Argentina telah mengamankan satu tempat di babak perempat final Piala Dunia FIFA. Mereka mampu menyingkirkan rintangan dari Australia dalam kemenangan 2-1 di stadion Ahmed Bin Ali pada Sabtu malam.

Socceroos mengancam untuk bangkit dalam permainan setelah membalas satu gol di 15 menit tersisa sebelum waktu normal berakhir dan hampir mendapatkannya dengan peluang yang sangat terlambat untuk memaksa perpanjangan waktu tetapi Emiliano Martinez dan Argentina melakukan hal yang cukup untuk mencegah gol penyama kedudukan dan melaju dalam waktu normal.

Albiceleste akan menghadapi Belanda di babak delapan besar turnamen setelah kemenangan De Oranje atas Amerika Serikat.

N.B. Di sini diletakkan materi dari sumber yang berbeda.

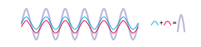 Uvažujme pre jednoduchosť vlnenia popísané funkciou sínus, pre ktorú majú minimá a maximá symetrické hodnoty. V prípade, že sa stretnú dve rovnaké vlnenia, ktorých maximá a minimá sa navzájom prekrývajú, hovoríme, že kmitajú vo fáze. Po sčítaní sa maximá, aj minimá zdvojnásobia a hovoríme o konštruktívnej interferencii. Ak sa však stretnú vlnenia posunuté o polovicu vlnovej dĺžky, tak sa maximum jednej vlny stretne s minimom druhej vlny a navzájom sa vyrušia. Hovoríme, že vlnenia kmitajú v protifáze a výsledkom bude deštruktívna interferencia – vlnenie úplne zanikne.

Bisakah Argentina melangkah jauh – ya, mereka bisa

Ini akan menjadi tugas yang sulit melawan salah satu dari sedikit tim yang belum terkalahkan di turnamen ini, tetapi Argentina akan mendukung diri mereka sendiri untuk melaju ke Semifinal dan memenuhi takdir mereka karena ini adalah takdir mereka untuk menjadi Juara Dunia.

Terakhir kali Argentina memenangkan Piala Dunia FIFA adalah pada tahun 1986. Itu adalah kemenangan yang terinspirasi oleh mendiang Diego Maradona yang hebat. Dia memainkan setiap pertandingan selama Piala Dunia itu dan berhasil mencetak lima gol serta lima assist. Dia memimpin tim itu menuju kejayaan dan 36 tahun kemudian, bakat Argentina sekali seumur hidup tampaknya akan mencapai ketinggian itu lagi.

Messi menampilkan pertunjukan di Piala Dunia terakhirnya

Lionel Messi telah menjadi faktor penentu di turnamen ini bagi negaranya. Untuk pertama kalinya di Piala Dunia, dia memiliki tim yang paling sesuai dengan kebutuhannya dan dia lebih diandalkan oleh rekan satu timnya sekarang daripada sebelumnya. Dia telah mencetak gol atau assist dalam tiga dari empat pertandingan yang telah dimainkan Argentina sejauh ini di turnamen.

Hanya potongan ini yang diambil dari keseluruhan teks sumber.